# “Software” Requirement Specifications
The package is intended to evaluate predictions by different connectivity models and plot evaluation measures. It should have interfaces that enable the user to read and write data in MATLAB format and also gifti files. 

## Modules

### Data Integration Module
Should be able to work with MATLAB’s .mat files and gifti files.
* Read in MATLAB’s .mat file
    * Model’s input data used for prediction. Can be a structure with all the possible input data:
        * Activity profiles
        * Time series
            * Predicted
            * Residual
            * Raw
    * <font color = 'red'>Model’s output data structures for models created in MATLAB.<font color = 'black'>
* Read in gifti formats to create cortical and cerebellar maps.
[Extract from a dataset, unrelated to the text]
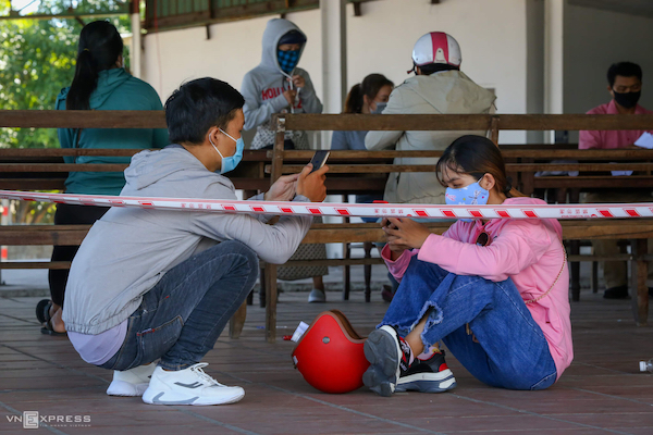 Nhiều người dân ngồi bệt dưới sàn nhà chờ đợi tin nhắn hồi đáp từ phần mềm chống dịch Covid -19 của tỉnh Thừa Thiên Huế, để xem mình được phép rời khỏi trạm kiểm soát hay phải đi cách ly tập trung.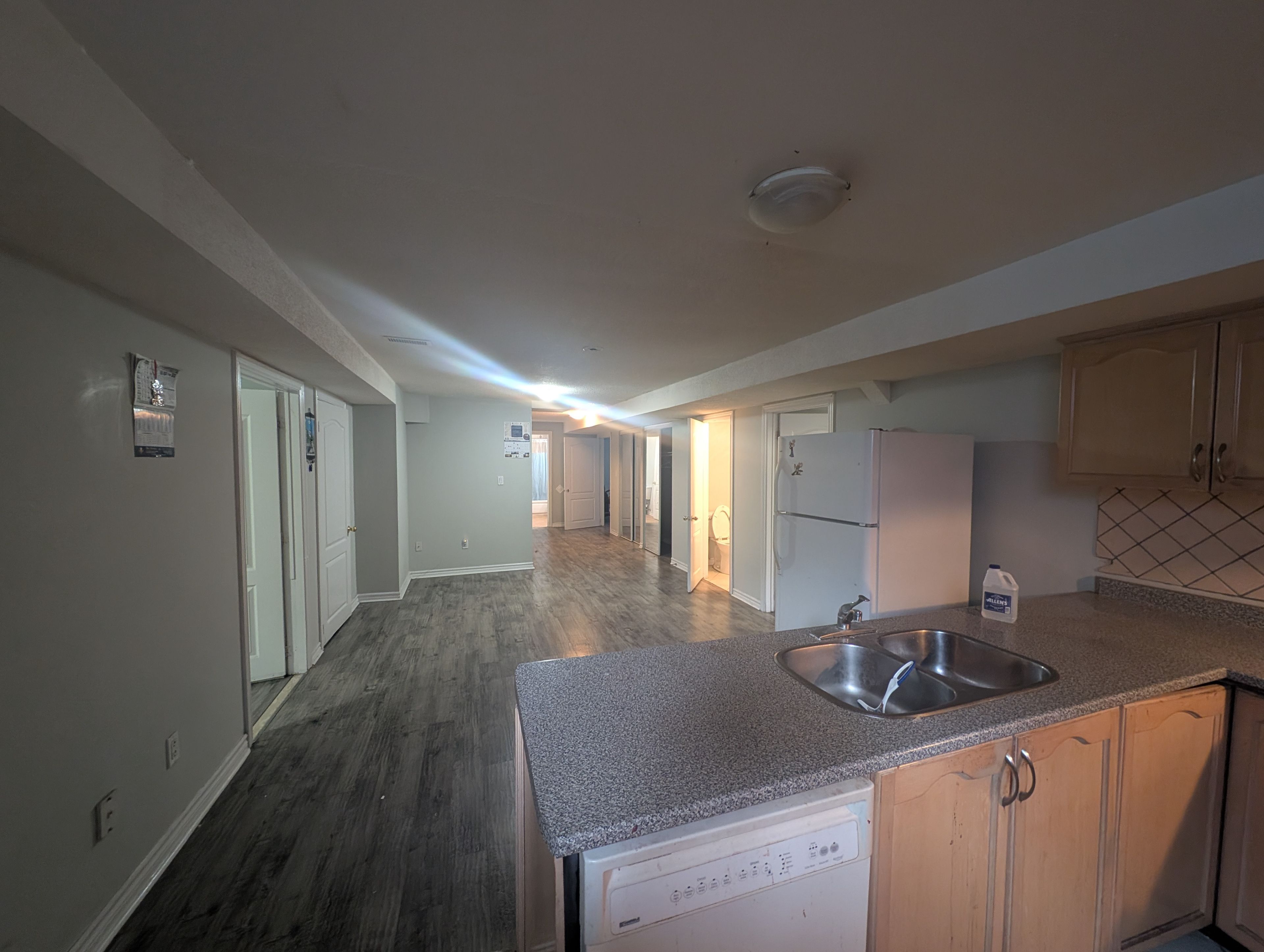 • Basement with separate entrance, two bedrooms, and additional kitchen.

#### How to load in MATLAB’s structures (saved as .mat files) into python?
* Using python’s Matlab engine. Follow the instructions in https://www.mathworks.com/help/matlab/matlab_external/install-the-matlab-engine-for-python.html
* mat73 package seems to be working for .mat files saved with '-v7.3'
    * Pros: Works really good for -v7.3
    * Cons: Works __only__ for version 7.3
* scipy.io loadmat .mat files saved with versions before -7.3
    
#### List of functions:
<font color = 'green'>__matImport__:<font color = 'black'>
* Import mat files saved with v7.3 or before
* Cannot import SPM.mat files saved with v7.3
* Can handle nested structures
    
<font color = 'green'>__giftiImport__:<font color = 'black'>
* Import gifti files
* Uses nibabel
** not even sure if we need it.

### Preparation Module
preparing input data for the modelling and evaluation pipelines.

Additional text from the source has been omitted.